Et qu’ont pensé les enfants de cette stigmatisation ? Ont-ils inscrits dans leurs tête la croyance d’être un danger pour leurs proches, d'être indésirables ? Eux, que l’on se doit de protéger.

Il s’agissait d’une discrimination absurde, et pourtant largement acceptée. Nous étions plusieurs parents, militants à travers la France à avoir dénoncé ces pratiques, alerté et signalé. Jusqu’à ce que le Défenseur des droits nous donne raison et y mette fin : ces interdictions étaient évidemment illégales et discriminantes.

Mais aujourd’hui, ce même schéma excluant revient, plus insidieux.
Des lieux "no kids", des espaces "réservés aux adultes", des discours opposant la tranquillité à la présence des enfants fleurissent avec leur cohortes de défenseurs virulents. Car ces restrictions d’accès n’existent pas pour protéger les enfants, mais pour protéger le confort, le luxe des adultes. Et à en lire certains, défendre la place des enfants dans l’espace public devient presque un acte suspect – comme un signe d’archaïsme voire même une "croisade conservatrice ".
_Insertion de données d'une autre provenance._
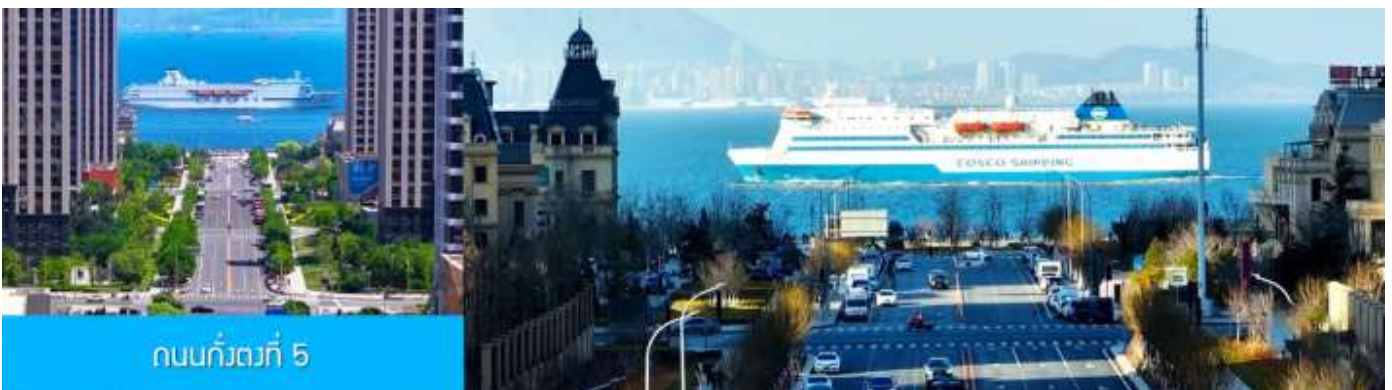
ถนนกังตง 5

Un enfant, c’est un être vivant. Il peut rire, pleurer, crier, courir : il vit pleinement ses émotions. Et cet élan de vie n’est ni un dérangement au bon déroulement de nos vies d’adultes, ni preuve de défaillance parentale, mais au contraire très souvent, la manifestation d’une enfance saine et authentique.

Pourtant, certains continuent d’assimiler les enfants qu’ils désignent comme "remuants" à des enfants "mal élevés" – et les parents, en particulier les mères seules, à des figures défaillantes et leurs enfants « d’indisciplinés » voire de « graines de délinquants ».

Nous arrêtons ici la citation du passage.